Uses for a new pro-tools rig # 117
literal reversioning
This has been around for a while and spawned various imitations but I think it is absolutely the best.
Suggestions for which song might best benefit from a Squid Ink reversioning?
I had in mind Richard Marx's Hazard but am not sure we could pull off the FM radio sheen.
Labels: post-modern bricolage, Richard Marx, Tears for Fears
6 Comments:
I have been listening quite a bit to the Country Music station (91.7 I think) and "I'm a real bad boy but I'm a real good man" would stand up well to some literal representation. There was also a touching Hazard-like balad where, after a fight on prom night, a girl is hit by a car and made paraplegic but doesn't blame the narrator of the song for the fight...which the narrator finds touching and inspiring...all this in the first verse!!! Sadly, I cannot remember the name.
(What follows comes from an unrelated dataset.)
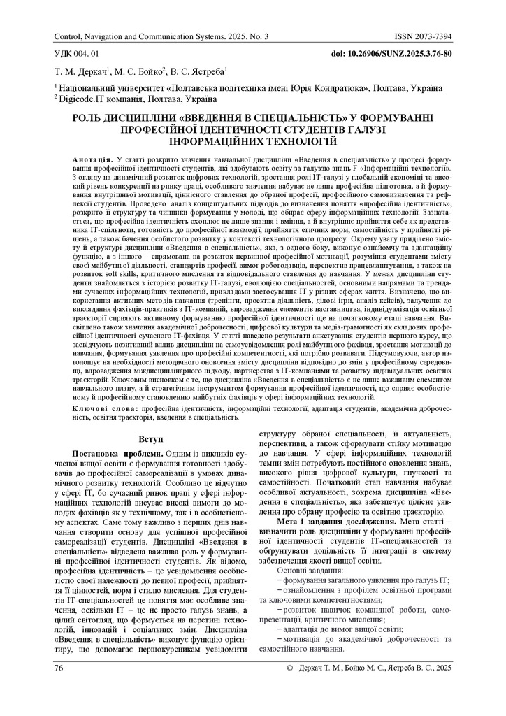 2025/11/20Роль дисципліни «введення в спеціальність» у формуванні професійної ідентичності студентів галузі інформаційних технологій

you gotta concentrate on the clip not the lyrics. Ideally you want a song with bland lyrics but a stong narrative line in the music video. Country and Western is more likely ot be the opposite in my (adittedly limited) experience. The more I think about it htis rules out Hazard, also, as the clip follows the song too faithfully from memory.
Of course...I now realise that this is the wrong way around...you need the film clip...
There is no more narrative loaded clip than this one. And it had Felicity in it.
But it's still not exactly right - you need one where there is lots going on but the male lead is mystifyingly both in character AND singing the song. I'll keep thinking.
dude, I had totally forgotten that clip and it is just awesome. I watched it twice over.